Strike a blow against the fossil fuel lobby and walk or bike. Stop saying "we're all at fault" and helplessly sitting on your hands, America. Its time to get mad and make some changes!
"Instead of cracking down on MMS, as he had vowed to do even BEFORE taking office, Obama left in place many of the top officials who oversaw the agency's culture of corruption.
He permitted it to RUBBER-STAMP dangerous drilling operations by BP – a firm with the worst safety record of any oil company – with virtually no environmental safeguards, using industry-friendly regulations drafted during the Bush years.
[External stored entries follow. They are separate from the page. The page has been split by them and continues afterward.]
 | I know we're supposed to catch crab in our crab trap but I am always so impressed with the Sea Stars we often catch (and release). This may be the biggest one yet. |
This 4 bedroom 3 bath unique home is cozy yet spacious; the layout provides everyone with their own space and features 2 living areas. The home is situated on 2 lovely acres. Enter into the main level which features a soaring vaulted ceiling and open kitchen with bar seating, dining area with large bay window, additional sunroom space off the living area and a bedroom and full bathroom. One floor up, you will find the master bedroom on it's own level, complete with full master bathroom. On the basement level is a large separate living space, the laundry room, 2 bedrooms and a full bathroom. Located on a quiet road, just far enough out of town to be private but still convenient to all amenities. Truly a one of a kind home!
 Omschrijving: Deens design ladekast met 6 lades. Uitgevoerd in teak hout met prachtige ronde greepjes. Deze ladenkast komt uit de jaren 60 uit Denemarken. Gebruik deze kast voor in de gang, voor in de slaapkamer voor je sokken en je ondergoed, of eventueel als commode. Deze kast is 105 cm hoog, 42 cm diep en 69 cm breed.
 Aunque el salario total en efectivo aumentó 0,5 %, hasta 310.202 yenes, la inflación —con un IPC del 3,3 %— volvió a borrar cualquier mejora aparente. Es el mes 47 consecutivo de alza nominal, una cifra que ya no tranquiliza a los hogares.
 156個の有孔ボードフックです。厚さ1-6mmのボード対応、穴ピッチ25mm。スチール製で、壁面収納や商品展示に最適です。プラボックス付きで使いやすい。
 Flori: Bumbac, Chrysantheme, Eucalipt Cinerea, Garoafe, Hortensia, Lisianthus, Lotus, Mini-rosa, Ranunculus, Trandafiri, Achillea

He calibrated his response to the Gulf spill based on flawed and misleading estimates from BP – and then deployed his top aides to LOWBALL the flow rate at a laughable 5,000 barrels a day, long after the best science made clear this catastrophe would eclipse the Exxon Valdez."
Okay, OBAMA didn't exactly go "missing", he WENT GOLFING.
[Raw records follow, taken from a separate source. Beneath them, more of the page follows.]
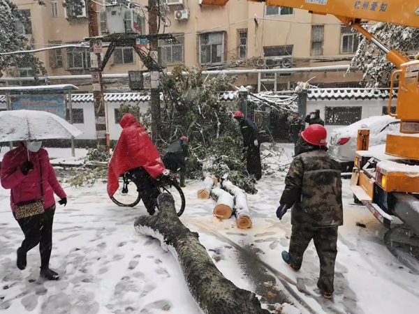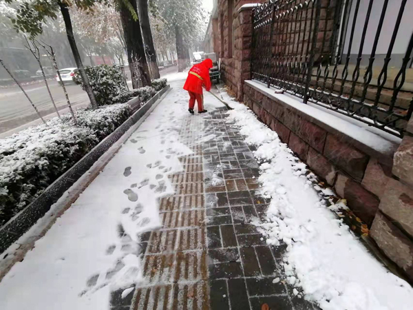 截至11月7日17时,全市城管系统共出动一线清雪人员2万余人,洒水车、撒布机、滚刷车等大型清雪车辆5200余车次,喷洒、干撒融雪剂1800余吨,铺设防滑毡2万余米,清理收集落叶7000余立方,全力保障雪后道路的安全通畅,发动市民群众50余万人,落实“门前五包”责任制,调动临街商户、企业单位力量,自扫门前雪,目前路畅人安。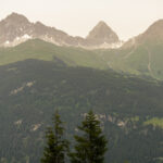 Mit hohem Tempo raste ich also wieder durch den Wald von Rona nach Tinizong, querte den Fluss der Gelgia auf einer Brücke und fuhr auf einem Radweg weiter nach Savognin zurück. Da der Weg flussabwärts verlief, konnte ich trotz Schotter auch hier ein zügiges Tempo aufrechterhalten. Ich kam bei der Kirche von Son Martegn in Savognin an und begann den Aufstieg zur Alp Tarvisch.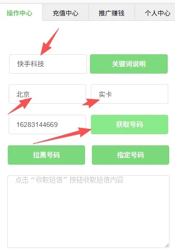 第三步,充值完成后,返回【操作中心】,打上你要接码的平台关键词,不懂的看一下关键词说明。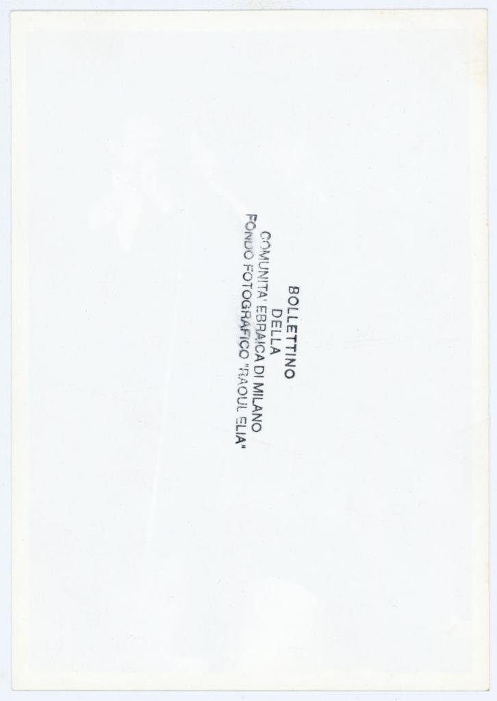 | timbri, marchi | sul verso del supporto il timbro a inchiostro "Bollettino della Comunità ebraica di Milano/ Fondo Fotografico "Raoul Elia" |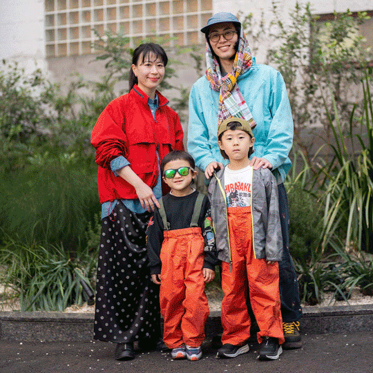 NAME:うにさん&ゆうたさん、ときくん・6歳、さくくん・4歳ときくんとさくくんは『マーキーズ』の鮮やかなオレンジボトムをオソロで、ママは真っ赤なアウターを、パパは爽やかなライトブルーのパーカを主役にしたカラーミックススタイルを堪能中。異なるカラー使いも、アウトドア感のあるシャリ素材をリンクさせることで、一体感のあるファミリーコーデに。item▼

Several times in the first weeks of the OIL explosion.
Don Lemon on CNN appropriately made the comment that "it just was not the right thing to do".
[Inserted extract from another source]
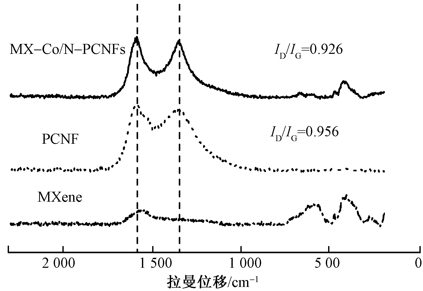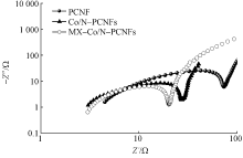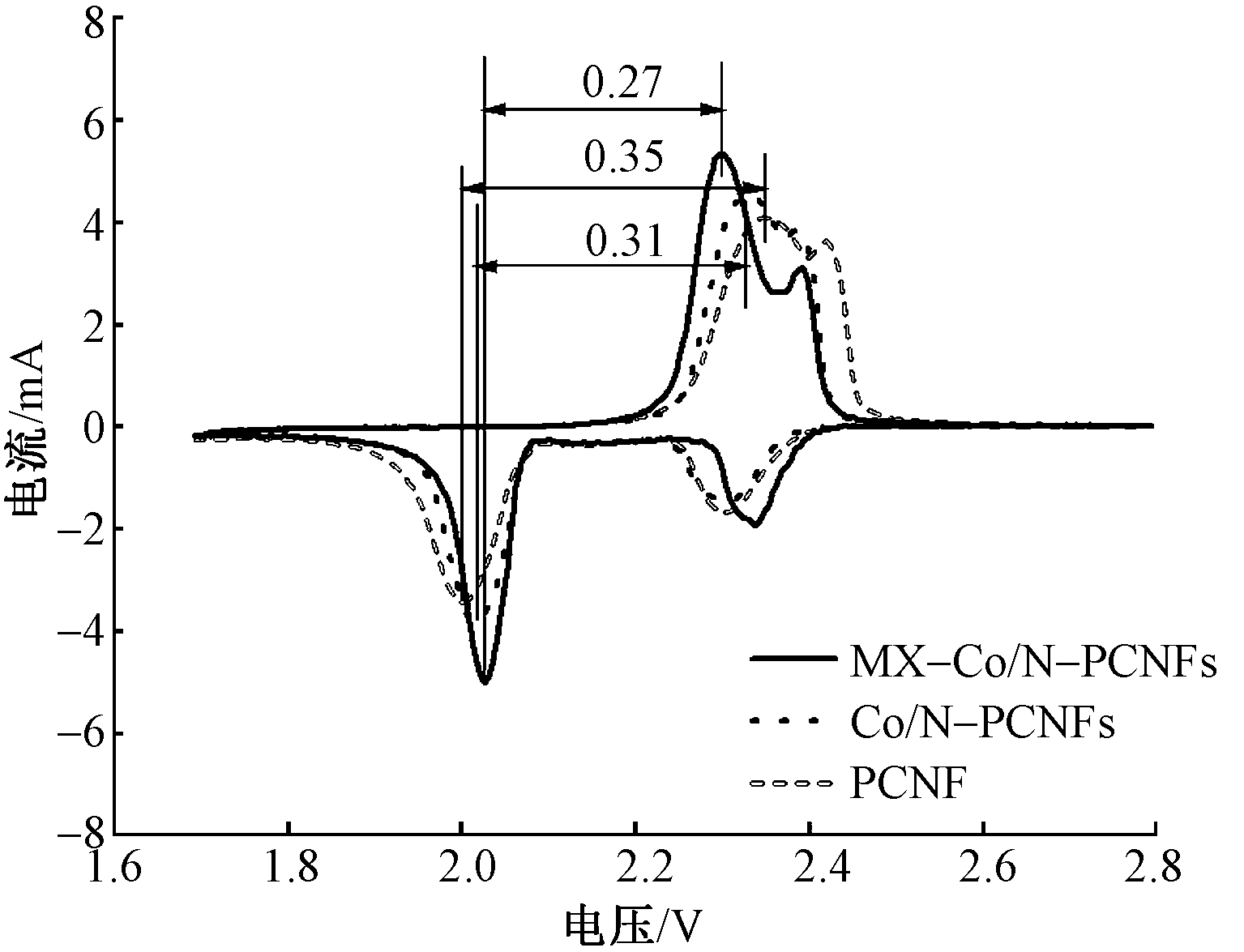 Results The morphology, structure, and impact of MXene addition on the adsorption of polysulfides and electrochemical performance were studied. After 180 degrees of twisting and bending, the surface of the sample showed no cracks and damage, and demonstrated excellent flexibility. The test results show that the total XPS spectrum analysis and peak fitting confirmed the introduction of MXene and the doping of cobalt nitrogen, and that the high degree of graphitization of the sample could be seen through the analysis of Raman spectrum. The specific surface area of MX-Co/N-PCNFs was 257.5 m2/g when the concentration of MXene dispersion was 90 mg/mL and the carbonization temperature was 800 ℃. The dynamic and static adsorption of sulfur proved that MX-Co/N-PCNFs intermediate layer achieved both physical and chemical adsorption to limit the shuttle effect of polysulfide, and also showed that it had the best catalytic activity. By testing the cyclic voltammetry curve (CV), the potential difference between the oxidation peak and the reduction peak of the MX-Co/N-PCNFs intermediate layer was 0.27 V respectively, which proved that it had a small polarization and a strong redox reaction kinetics. It is used as a polar plate and assembled into a symmetrical battery to characterize the liquid-liquid conversion process between liquid sulfur species. At a sweep speed of 50 mV/s, MX-Co/N-PCNFs based symmetric cells exhibit excellent REDOX current response among the three, indicating significant catalytic performance in liquid-liquid conversion processes. The electrochemical impedance spectroscopy results showed that the introduction of MXene nanosheets further promoted the conductivity and wettability of the middle layer of cobalt-nitrogen doped carbon nanofibers, resulting a very small interface impedance and charge transfer impedance. The battery assembled with MX-Co/N-PCNFs as the interlayer showed a capacity of 971.5 mA·h/g after 100 cycles at 0.2 C. The capacity decay was only 0.063% after 400 cycles at 1 C, and the capacity was still 853 mA·h/g after 50 cycles at 0.5 C with high sulfur loading (4 mg/cm2), which was better than that of the interlayer without the addition of MXene nanosheets.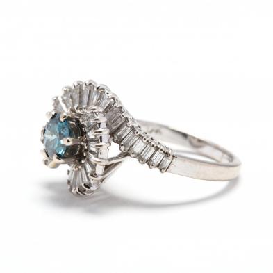 Centering on a prong set blue diamond weighing approximately .79 carat (I1 clarity) and with a baguette cut diamond halo extending to shoulders, stamped 14K. Total baguette diamond weight approximately 2.19 carats (H-I color, SI-I clarity).

We vote about issues where we have a vested interest. It's hard to get worked up over something one hasn't adopted as part of one's worldview. It's easy to look at one's circumstances and believe that nothing can be done. The more one reads up or watches environmental programming, the more one realizes that EVERYONE can do "something." For example, did you know that those re-useable shopping bags available at most grocery stores now are made from fabric created from 100% recycled soda bottles?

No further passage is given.